MONTPELLIER, FRANCE — French biotech firm Sensorion has announced that the French government has awarded the PATRIOT consortium a Structuring Research and Development Project for Competitiveness (“Projet de recherche et développement Structurant pour la Compétitivité” – PSPC) non-dilutive funding.
The grant will be used to finance the development of SENS-401 in SSNHL, including work by Institut Pasteur to identify response biomarkers. This project fits with the spirit of the strategic collaboration established between Sensorion and Institut Pasteur and announced on the 27th of May 2019.
The financing is conditioned upon the execution of a financing agreement with Bpifrance within three months.
The PATRIOT consortium consists of Sensorion, the French Army Biomedical Research Center (IRBA), Institut Pasteur and Electronique du Mazet1, a French MedTech company focusing on hearing assessment and diagnostics. This project structures collaborative research and development to respond to a high unmet medical need and contributes to the development of SENS-401 as a treatment option, up to regulatory approval.
The commitment and active involvement of the French ministry of Armed Forces to this project emphasizes on a clear unmet medical need and on the necessity to have efficient diagnostics and therapeutic solutions. Auditory deficit is an invisible injury causing disabilities and potential social isolation.
An epidemiological surveillance report from the French armed forces’ epidemiology and public health center revealed that 62% of military personnel suffered from hearing loss following an acute noise trauma over the 2014-2016 period.2
The participation of the French Army in the Phase 2 study represents the largest military trial ever conducted in France. It will be carried out in multiple military sites where patients will be recruited according to the protocol approved by an ethics committee.
“We are extremely pleased to have the support of the French ministry of Armed Forces and the involvement of military personnel in our ongoing Phase 2 study. We believe their involvement significantly de-risks the overall study and increases the quality of the data we can collect.
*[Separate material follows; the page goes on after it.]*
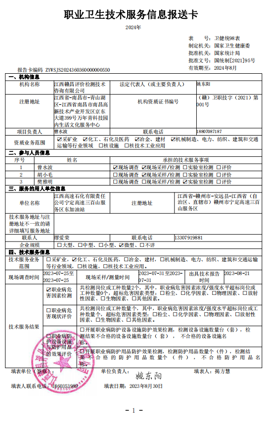 江西高速石化有限責任公司寧定高速三百山服務區(qū)東加油站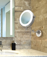 This sleek, contemporary makeup mirror will Charm you with a pronounced ring of light, dual 1X/5X magnification, and an articulated arm for near and far viewing.

The project will receive €10.8m non-dilutive funding, staged over five years. Sensorion will receive €5.6m over the duration of the project”
–Nawal Ouzren, CEO of Sensorion
1 Through its subsidiary named ECHODIA
2 Traumatismes sonores aigus dans les armées – Résultats de la surveillance épidémiologique 2014-2016 – Centre d’épidémiologie et de santé des armées – July 12, 2018
SENS-401 (Arazasetron), is a drug candidate that aims to protect and preserve inner ear tissue from damage that can cause progressive or sequelar hearing impairment. A small molecule that can be taken orally or via an injection, SENS-401 has received Orphan Drug Designation in Europe for the treatment of sudden sensorineural hearing loss, and Orphan Drug Designation from the US FDA for the prevention of platinum-induced ototoxicity in pediatric population. It has received Investigational New Drug (IND) clearance from the US Food and Drug Administration (FDA).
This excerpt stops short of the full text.